Over time, national sport federations added other conditions into the Athlete Agreement, including commitments to national team program and activities, requirements to report on training progress, compliance with the sport organization’s administrative policies, adherence to anti-doping rules, and promotional appearances on behalf of the sport. More recently, as we now see, these Agreements include clauses relating to restrictions on athlete sponsorship, as well as ownership and licensing of the athlete’s image and other personal attributes.
Over the years, we have been involved in a number of disputes over the allocation of AAP funds. These disputes have ranged from who deserves the card, to whether an athlete who has failed to fulfill the Athlete Agreement can have the card taken away, to whether a young athlete shows sufficient promise to warrant a development card. Coaches have been at the heart of these decisions, and the ensuing disputes, appeals, mediations and arbitrations have revolved around the coaches’ discretion to make decisions about athletic performance that are essentially technical in nature.

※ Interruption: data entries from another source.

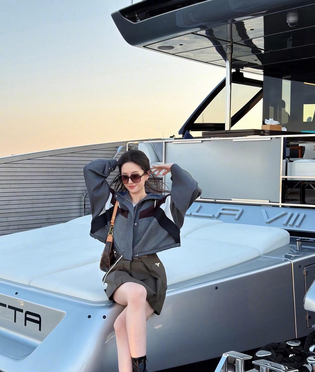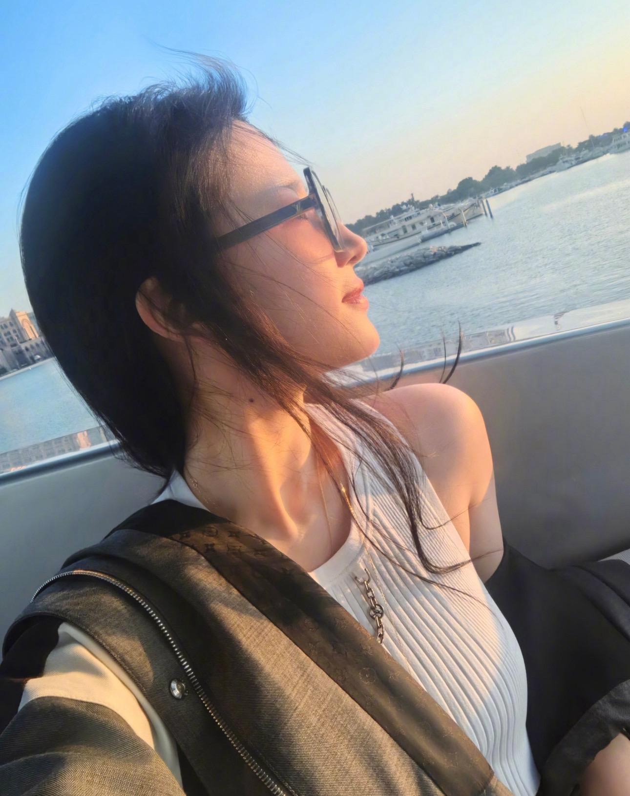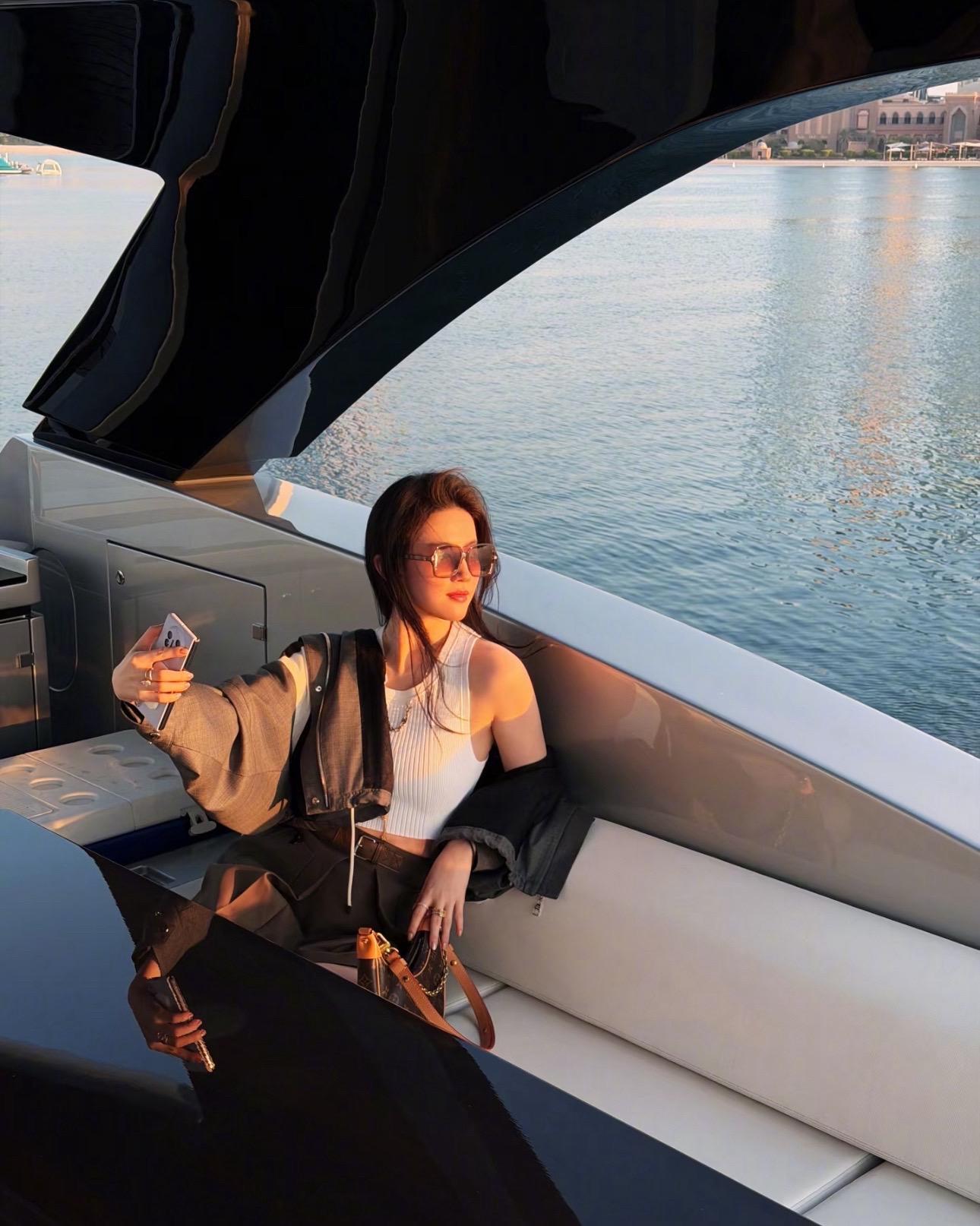 刘亦菲更新阿布扎比游艇看落日照~
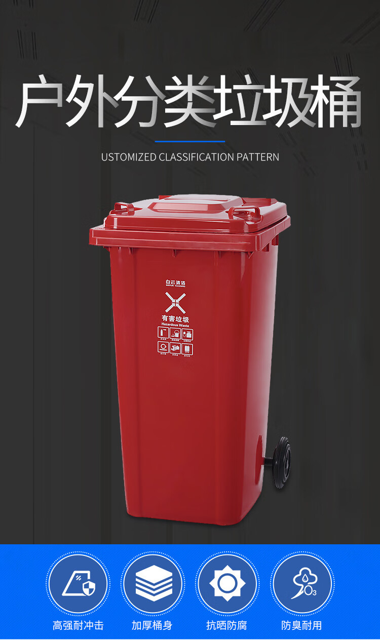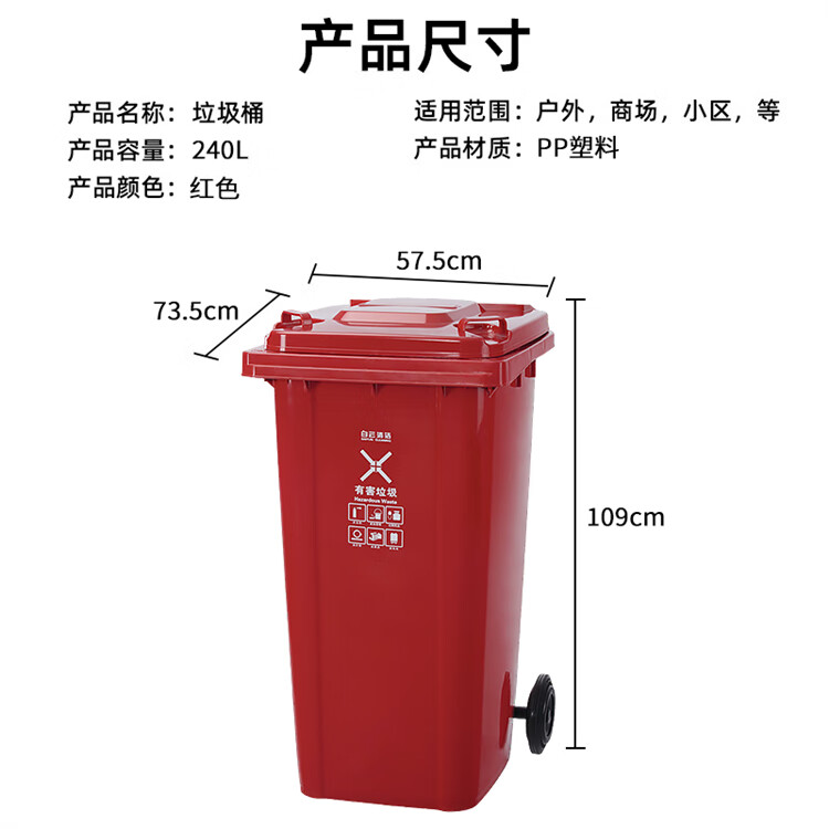 白云清洁 可挂车垃圾桶 AF07602 240L 红色 1个
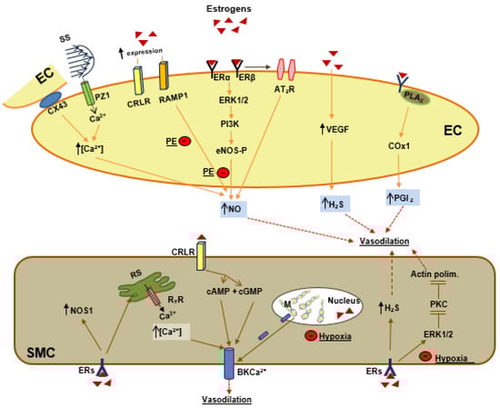 In EC (from left to right in Figure 2): (1) Estrogens indirectly increase shear stress (SS) which activates piezo 1 channels (PZ1) and connexin 43 protein (CX43) and increases intracellular calcium (Ca++) and NO production. (2) Estrogens upregulate the receptors for adrenomedullin, RAMP1, and receptors for calcitonin gene-related peptide, CRLR, the former contributing to NO production. Estrogen by its receptors, ERα and ERβ, activates the ERK1/2-PI3K -eNOS phosphorylation (eNOS-P) pathway and increases NO production. (3) Estrogens by ERβ activate angiotensin II receptors (AT2R), which contributes to NO production; (4) Estrogens by upregulation of vascular endothelial growth factor (VEGF) induce hydrogen sulfide (H2S) production; (5) Estrogens activate the phospholipase A2 (PLA2)–cyclooxygenase 1 pathway to produce prostacyclin (PGI2). Preeclampsia (PE) inhibits the estrogens, RAMP1-NO and also ERs-ERK1/2-PI3K and eNOS-P-NO.
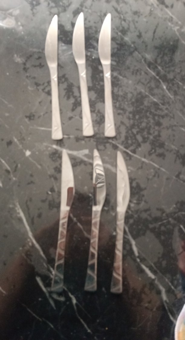 Gri ve beyaz renkte, üç bıçak ve üç çatal olmak üzere toplam altı parça çatal bıçak seti.
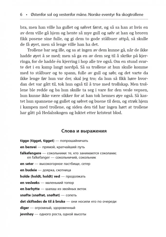 В книге тексты сказок на норвежском языке дополняют их художественные переводы на русский язык. Вопросы к текстам, а также слова и выражения к ним помогут читателю яснее понять содержание сказки, закрепить в памяти распространенные грамматические формы и пополнить словарный запас.
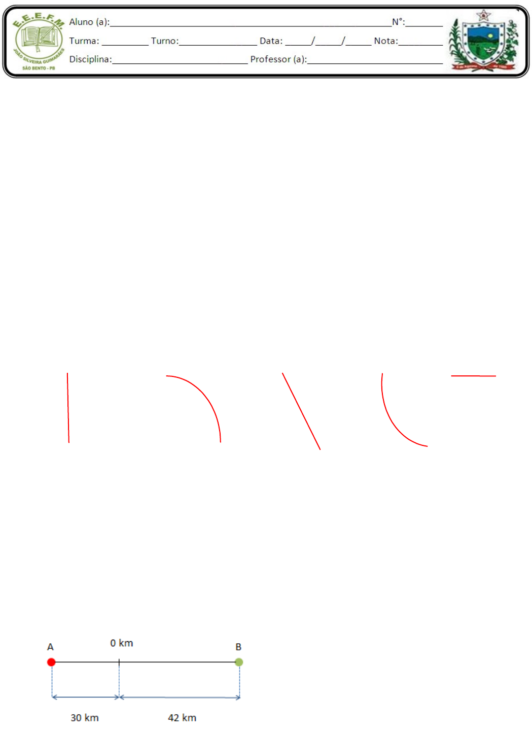 1) Das afirmações: I. Uma partícula em movimento em relação a um referencial pode estar em repouso em relação a outro referencial. II. A forma da trajetória de uma partícula depende do referencial adotado. III. Se a distância entre dois corpos permanece constante, então um está em repouso em relação ao outro. São corretas: a) apenas I e II. b) apenas III. c) apenas I e III. d) todas. e) apenas II e III. 2) Um objeto é solto de um aparelho ultraleve que se desloca, paralelamente ao solo, a baixa altura, com uma velocidade constante. Desprezando a resistência do ar, a representação gráfica da trajetória do objeto em relação ao solo é: a) b) c) d) e) 3) Você e um amigo resolvem ir ao último andar de um edifício. Vocês partem juntos do primeiro andar. Entretanto, você vai pelas escadas e seu amigo, pelo elevador. Depois de se encontrarem na porta do elevador, descem juntos pelo elevador até o primeiro andar. É correto afirmar que: a) o seu deslocamento foi maior que o de seu amigo. b) o deslocamento foi igual para você e seu amigo. c) o deslocamento de seu amigo do maior que o seu. d) a distância que seu amigo percorreu foi maior que a sua. e) n.d.a 4) O marco zero de uma estrada que une duas cidades, A e B, está localizado a 30 km de A e a 42 km de B. Considerando a trajetória orientada de A para B, qual o deslocamento de um veículo que vai do km 12 ao km 36? a) 12 km b) 24 km c) 36 km d) 48 km e) 60 km 5) Em certo instante, um automóvel encontra-se no km 120 de uma rodovia. Em outras palavras, o espaço do móvel nesse instante é igual a 120 km. Isso significa que: a) O automóvel já percorreu 120 km certamente. b) O automóvel está em movimento no referido instante, no sentido da trajetória. c) O automóvel, nesse instante, está em repouso. d) O automóvel encontra-se a 120 km do km 0, medidos ao longo da trajetória. e) n.d.a
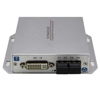The DVI video converter transmits 1-channel DVI video signal and 1-channel stereo audio and 1-ch data RS232 over one fiber, single mode or multimode, without compression, scaling and adjustments.
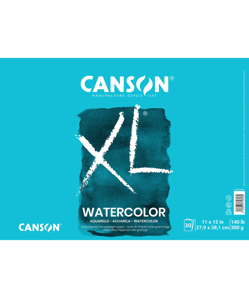 Canson XL Series Watercolor Pad, Heavyweight White Paper, Foldover Binding, 30 Sheets, 11x15 inch, 1 Count
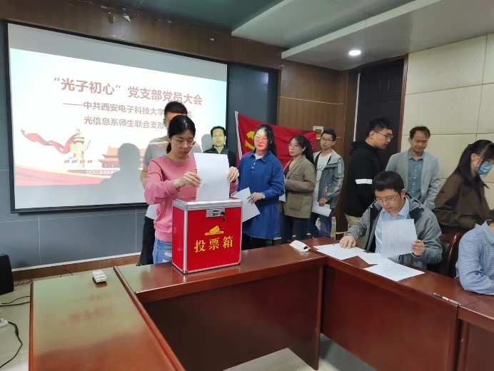 成立仪式结束后,党支部召开第一次党员大会,大会分别由党支部书记李江挺、郜鹏主持。在上级党委的指导下,大会以举手表决的方式通过了《师生联合党支部党员大会选举办法》、支部委员会委员候选人名单、监票人及计票人名单。在公开、公正、民主的氛围下,以无记名投票的方式差额选举产生第一届党支部委员会委员。随后召开党支部委员会第一次全体会议,等额选举产生党支部书记并讨论确定委员分工。
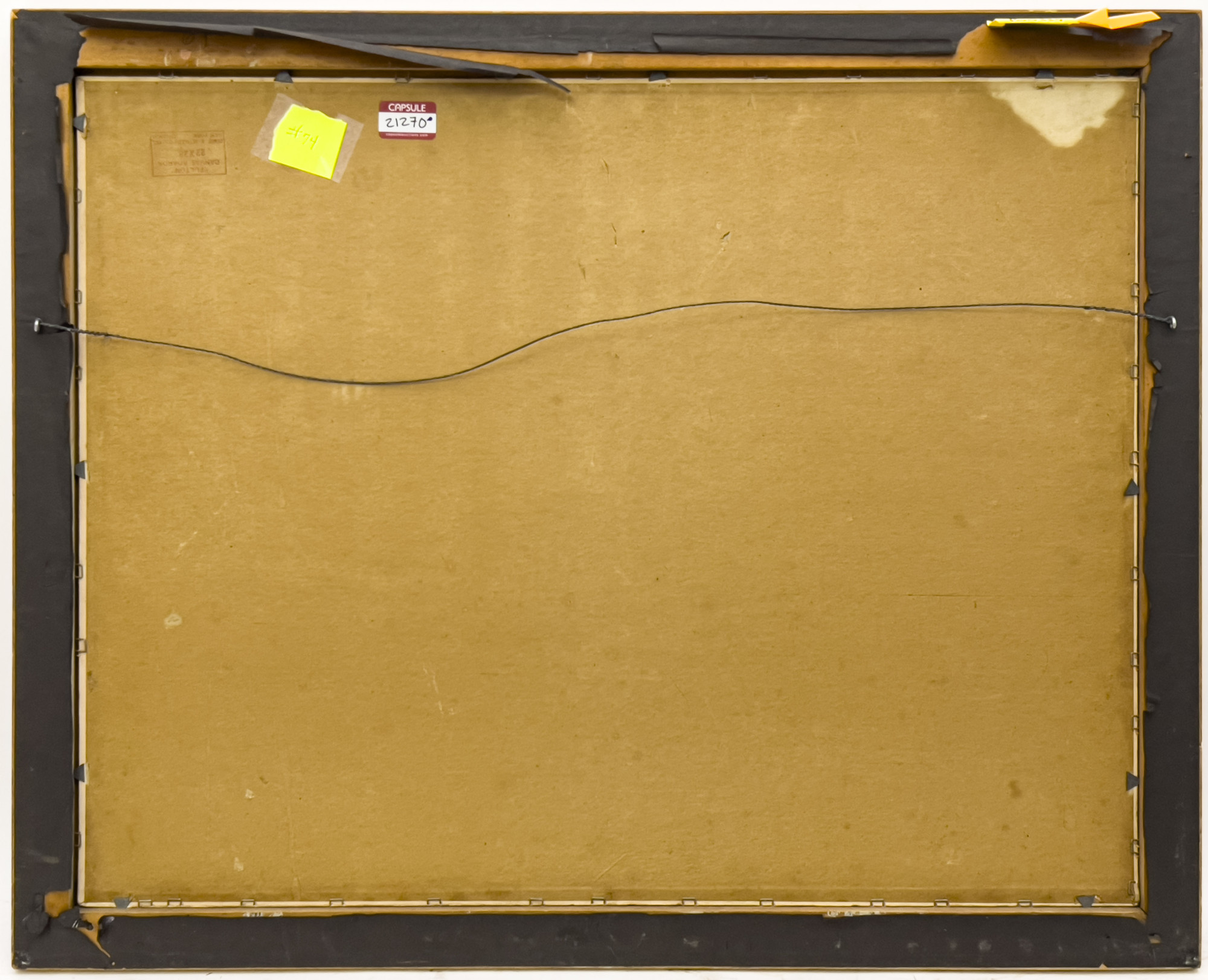 Art has not been examined out of the frame unless otherwise stated. Frames, lampshades, or items described as “supplementary” are not considered integral to the value of the lot and are excluded from condition assessments. This includes any mat, mounting, glazing, hanging apparatus, case, box, or stand. Timepiece movements, lighting elements and items with mechanical or electrical components have not been thoroughly tested and are not covered under warranty by Capsule.

So how did a decades-old written agreement linked to a funding program become the commercial contract that now exists between most Canadian sport federations and their athlete members – a contract that in turn enables sport federations to enter into complex commercial transactions with private interests? It may be that the Athlete Agreement should serve the purpose for which it was intended – a “to-do” list for the athlete who earns a training subsidy from the Canadian taxpayer. Possibly it should not serve as a platform for the negotiation of commercial contracts between and among athletes, sport organizations and corporate sponsors, none of which have anything to do with government funding to improve athletic performance.
It is also possible that separating AAP funding and commercial contracts could be beneficial for all parties. The simple act of dealing with complex commercial matters separately could go a long way towards creating a situation where the athlete and the sport federation could negotiate an appropriate balance between their competing, yet ultimately complementary interests: the legal right of the athlete to exploit his or her image, and the legitimate need of the sport system to generate revenue to support athlete programs and opportunities.